There were two things I was going to ask, but I exercised the privileges of age and forgot one.
The one I can remember is, can anyone direct me to some good online tools about conducting chant. I know there is the basic book on chironomy here, but I would like some videos that are useful. I know YouTube offers up both the good, the bad, and the indifferent.
Come to think of it, the names of any books that might be useful that are not on this site would be appreciated.
Well, it does depend on whether you want to use the ictus, or even if you're not super-interested in it, whether your organization definitively excludes binary and ternary counts. I know that one can conduct Dr. Mahrt's style of chant with something approaching Mocquereau's chironomy, and I've seen semiologists conducting from SG manuscripts with something like it, but if you're really not using Solesmes at all, then Mocquereau's way isn't helpful.

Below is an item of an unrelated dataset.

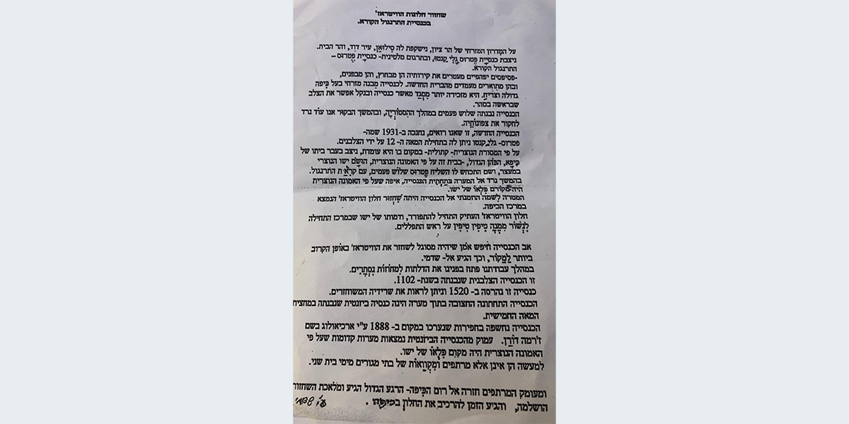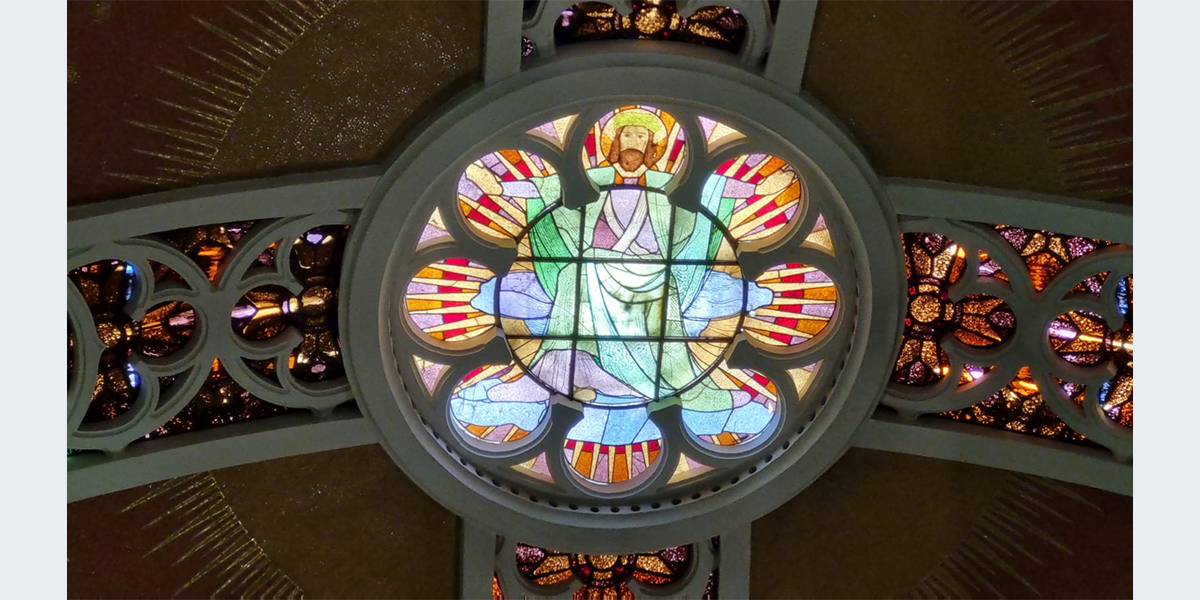 "המטרה לשמה הוזמנתי אל הכנסייה הייתה שחזור חלון הוויטראז', הנמצא במרכז הכיפה. חלון הוויטראז' העתיק התחיל להתפורר, ודמותו של ישו שבמרכז התחילה לנשור ממנה טיפין טיפין על ראשי המתפללים. אב הכנסייה חיפש אמן שיהיה מסוגל לשחזר את הוויטראז' באופן הקרוב ביותר למקור, וכך הגיע אליי", לפי דברי האמן אברהם שדה (שדמי).

There are a lot of good pieces in The Technique of Gregorian Chironomy by Carroll if you really want the ins and outs of the classical Solesmes style (e.g. some of the passages where the notation doesn't make a lot of sense, where there's tension between neumes and where the ictus is printed, where we might be tempted to put an arsis or thesis by default…). But I don't think that it's something to read front to back, and he's a bit too prescriptive, especially on what "must" be an arsis or thesis in cadences. The arsis and thesis rules are in tension, so you must choose one, whereas the ictus placement really does depend on rules and only rarely do I find myself hesitating. I also think that one should try to use square notation, whereas Carroll recommends drawing on transcriptions in modern notation.

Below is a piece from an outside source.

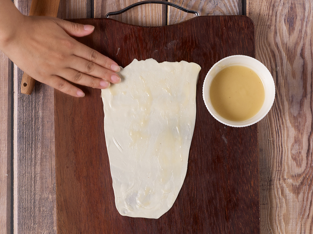 3、將面團(tuán)揉勻,搟成0.5厘米厚的薄片,均勻地抹上一層油酥,再撒上一層蔥末;

Jennifer Donelson-Nowicka did a webinar a few years ago that's also on Youtube (I'd tag her for credit, but I fear that I've never mastered tags with spaces in the username…). She has a handout that she starts with that you could probably get by email that teaches the basic rules, shows the drawing, and works through Kyrie XI.
But if I could offer some advice, from a relatively new conductor of chant: if you do use the Mocquereau method, a tight conducting box limited to your torso and absolutely no higher than your chin is essential; except in the dark, where shadows are a problem, I try to keep my stand around my waist, since I usually don't conduct from a Liber (Brevior, Usualis) directly but rather from copies where I can write in the chironomy markings. For the thesis, sometimes, particularly if the schola is awkwardly arranged, you might find yourself drifting, but if you're moving your neck and torso to extend further, you've gone too far… and then my own personal problem: keep it moving, even at the dotted punctum of a ternary rhythm where the "3" follows a half-bar — I tend to get stuck on "2".
Thank you. That was very useful. I am sure anything I say without my books handy is going to inspire someone else to chime in that I misunderstood something. And that is most likely true.
What it tells me is that I have my work cut out for me!